**Task statement:** Transcribe the listing verbatim, please, with images dropped.

**Supplied data:**

-- Opening Marker --

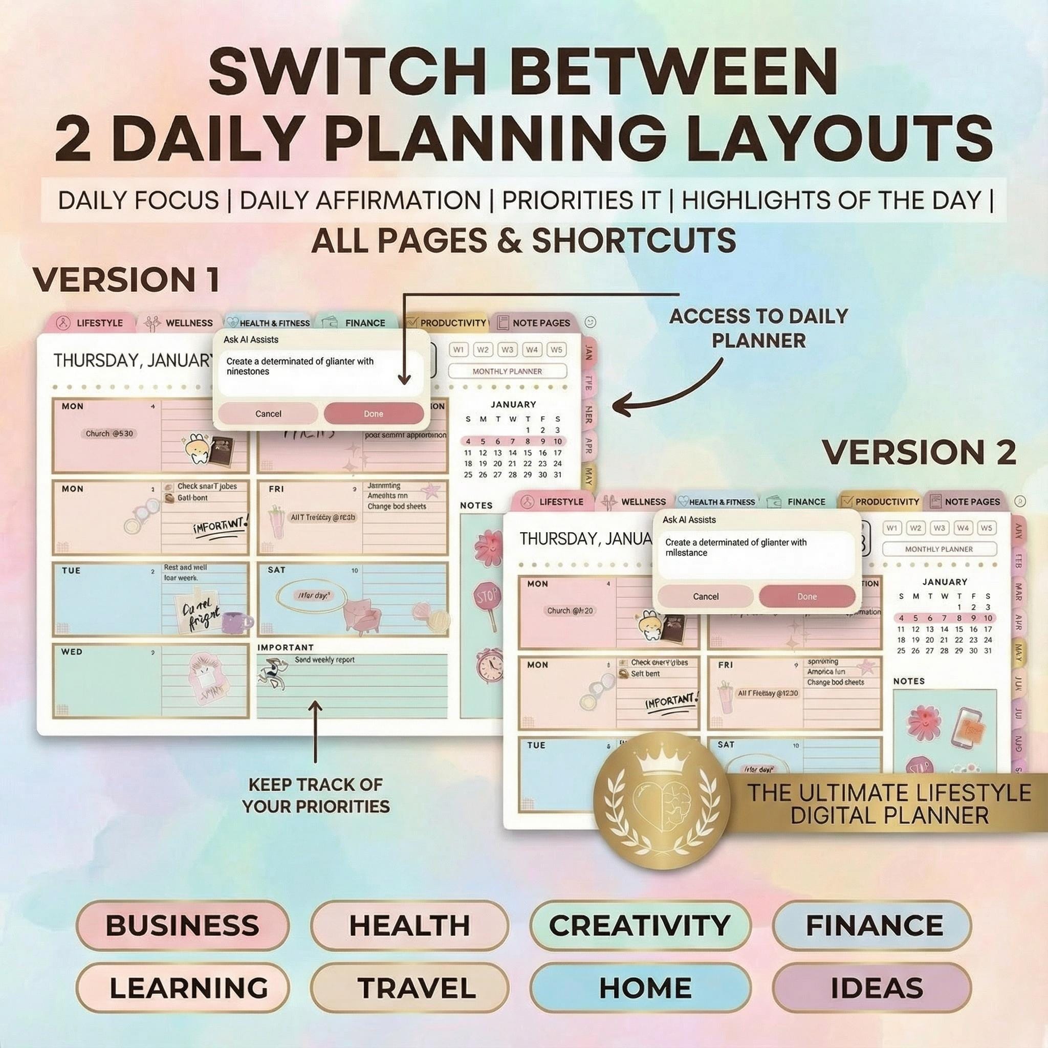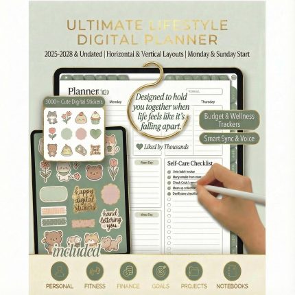 All-in-One Digital Planner for iPad, GoodNotes, and PDF apps. Includes daily, weekly, and monthly layouts, ADHD-friendly structure, habit & goal tracking, finance planning, wellness tools, and more. Ideal for students, busy moms, professionals, and business owners. All-In-One Digital Planner 2026 | Life Organization & Goal Planning | Hyperlinked iPad Planner for GoodNotes
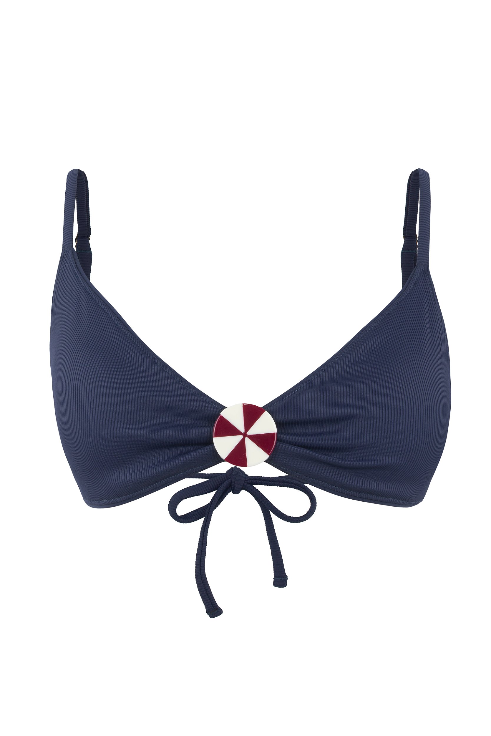 Top com passante central de marchetaria manual em acrílico. Alças retas com regulagem. Possui bojo removível. Confeccionada em tecido com textura listrada, composto por poliamida e elastano.
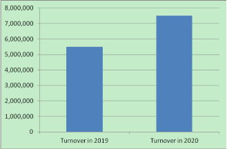 Fatturato nel 2019: 500.000 USD nel 2020: 7.500.000 USD tasso di aumento: 36,36%

-- Closing Marker --

**Response to this task:**
 All-in-One Digital Planner for iPad, GoodNotes, and PDF apps. Includes daily, weekly, and monthly layouts, ADHD-friendly structure, habit & goal tracking, finance planning, wellness tools, and more. Ideal for students, busy moms, professionals, and business owners. All-In-One Digital Planner 2026 | Life Organization & Goal Planning | Hyperlinked iPad Planner for GoodNotes
 Top com passante central de marchetaria manual em acrílico. Alças retas com regulagem. Possui bojo removível. Confeccionada em tecido com textura listrada, composto por poliamida e elastano.
 Fatturato nel 2019: 500.000 USD nel 2020: 7.500.000 USD tasso di aumento: 36,36%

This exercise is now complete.